I am planning to create an ecommerce application which would host a lot of products (more than 100) and expectedly would have good number of user hits/transactions on a daily basis. My major requirements from both functional and technical point of view are:

  1. It should be easily extensible/modifiable/maintainable.
  2. Usability would be the TOP priority, a customer should be able to reach the desired product page with minimum efforts and as quickly as possible.
  3. SEO again is a critical concern.
  4. Technology wise, I am a .NET developer (ASP.NET web forms) so would prefer anything around it. Can afford to try learning new things within the .NET arena as I do not have killer deadlines for this project.

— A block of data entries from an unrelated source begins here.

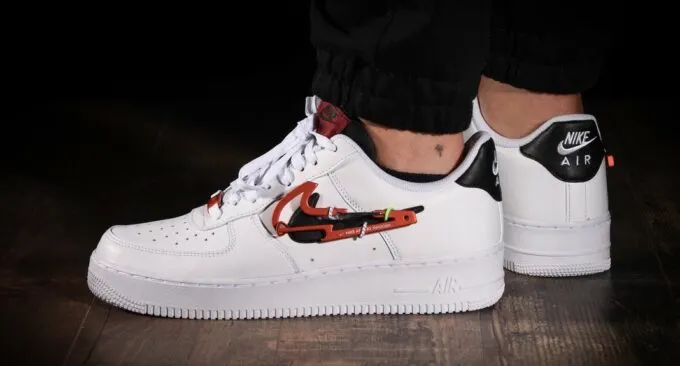 Второй пример – белые кроссовки Nike Air Force 1 Low Carabiner Swoosh Red. Эти кожаные форсы созданы для долгих прогулок, а украшением айтема становится съемный карабин в форме логотипа Nike. Можно снять фирменный Swoosh и дополнить дизайн обуви каким-нибудь другим элементом. Цена – от 17129 рублей до 24949 рублей. Опять же, все зависит от размера.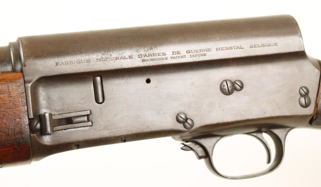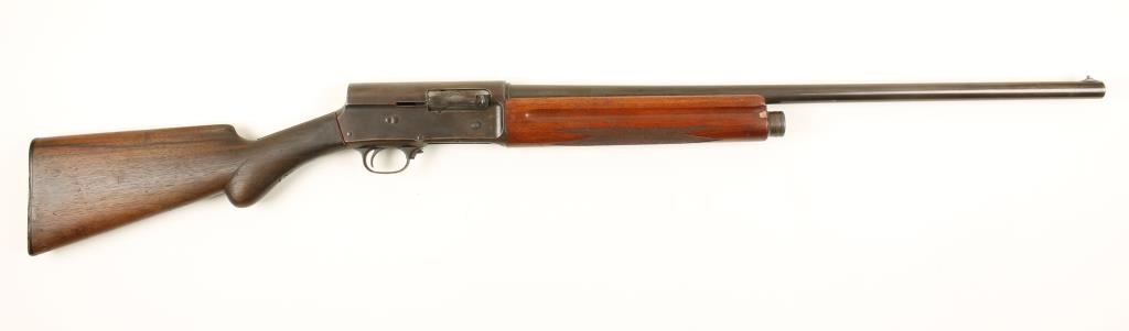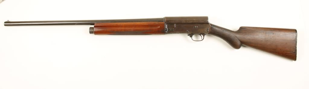 Blued semi-automatic long-recoil shotgun with a 25-1/2" barrel. Finish has turned to a brown patina with light scratches and rubs. Bore is almost mirror bright. Action is good. Forend has dings and scratches and worn checkering with one small chip missing. The round-knob butt stock has lost almost all of its checkering and has many dings and scratches. There are leather spacers between the receiver and the stock . The original butt plate has been damaged and repaired. Condition is fair plus. *Modern Firearm*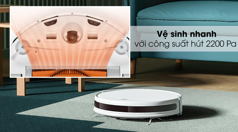 Robot hút bụi Xiaomi Vacuum Mop Essential SKV4136GL có khả năng làm sạch đến từng khe hở nhỏ nhờ lực hút mạnh mẽ đến 2200 Pa

After searching through SO and Googling a bit, I've come to an understanding that Web Forms, MVC or a Content Management System are the available options. But what I am not able to foresee/calculate is that which method would be the best way to go with?

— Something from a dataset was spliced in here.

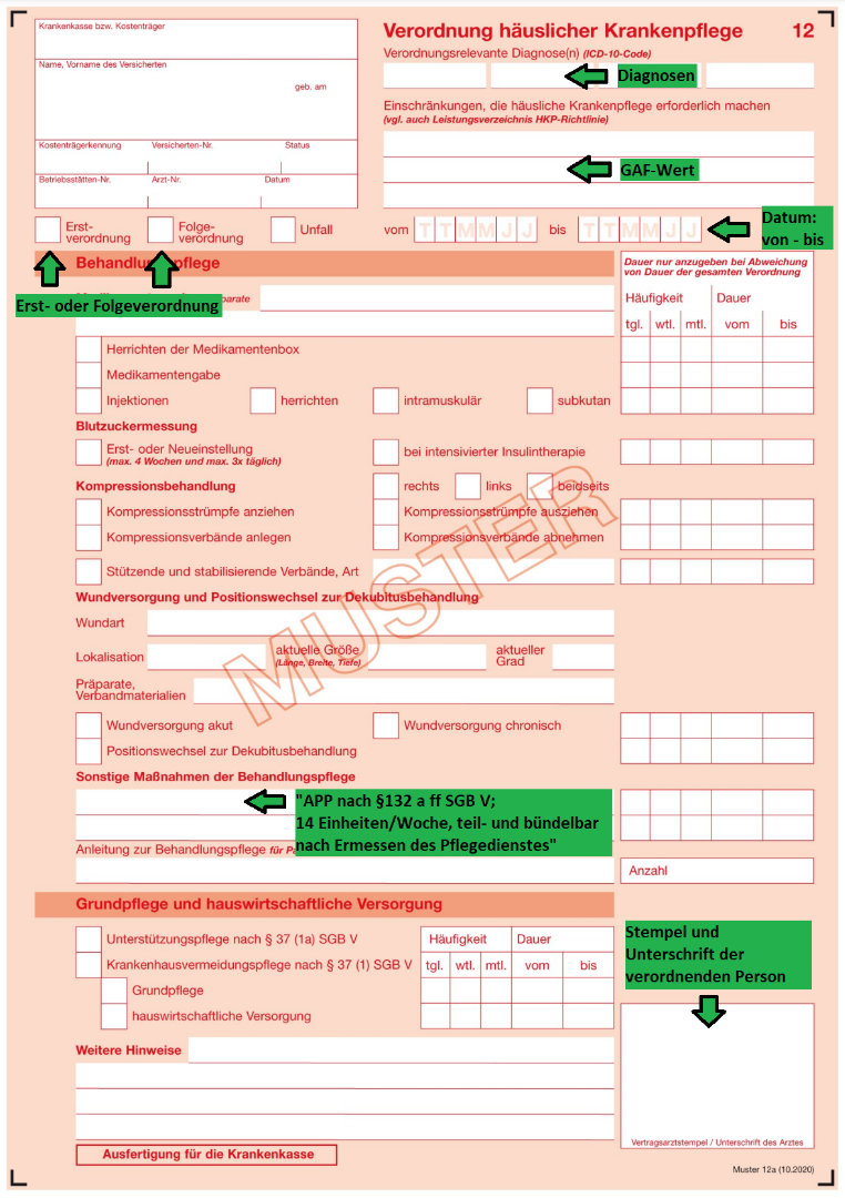 Im Verordnungsvordruck müssen folgende markierte Bereiche ausgefüllt werden (Quelle: https://www.kbv.de/media/sp/Muster_12_2020.pdf, mit eigener Editierung), wobei die Rückseite des Musters 12 vom Pflegedienst ausgefüllt und vom Versicherten unterschrieben wird. Der Pflegedienst hat die ordnungsgemäß ausgefüllte Verordnung spätestens am dritten der Ausstellung folgenden Arbeitstag der Krankenkasse vorzulegen.

I mean applying usual programming skills, which platform would be of help to someone achieve a high-performace, greatly usable e-commerce website?

Any help and guidance would be sincerely appreciated.

Thanks a lot!

Edit: It would be courteous enough if people who've down-voted the question, explicate a bit on the reasons behind it as well. Otherwise, that down-vote won't help anyone.

+1  A: 

From my past experience if you have the time and the budget I would stick with web forms for an e-commerce site and build a custom cms to update the products. The front facing ui of course will all depend on your design. The CMS portion of your application could then make it easy to update any details of the product that are relevant to your design. For instance you could use a gridview to show a list of products that you could filter based on the product category. Each record when added/edited could then have the option for a title, category, price, image, thumbnail (or auto generate from the image), short description, long description... Anything you want to fit your design. When I do something like this I prefer to have the design done before I begin the cms so the designer isn't limited, sometimes the timeline doesnt allow for this though.

Mike
^^ sounds interesting..
Dienekes
A: 

Here are two quick links comparing ASP.NET MVC against Web Forms:

  1. http://weblogs.asp.net/despos/archive/2009/04/11/web-forms-vs-asp-net-mvc.aspx
  2. http://weblogs.asp.net/shijuvarghese/archive/2008/07/09/asp-net-mvc-vs-asp-net-web-form.aspx

Nothing much changes even if you are developing e-commerce application. As such, I would say ASP.NET MVC is good bet from long term perspective (better separation between concerns, simpler to test (from automation perspective) but it would involve steeper learning curve (if you are web form developer).

CMS is a odd choice because it would impose its own constraints - based on your requirements and site design, it can be good bet or bad bet. You can quickly build product pages using CMS - you can quickly add/update promotions etc.

VinayC
+1  A: 

Technology wise, I am a .NET developer (ASP.NET web forms)

Then go with asp.net web forms.

The questions you ask have nothing to do with what technologies you use to programming, but its design matter, good user interface, experience on web pages, e-commerce and database's.

Hint:Why create one more e-commerce when there are some open source available ? what is the different on yours ? - I do not ask for get answer, but I make the question for you, to answer to your self, what's different in yours.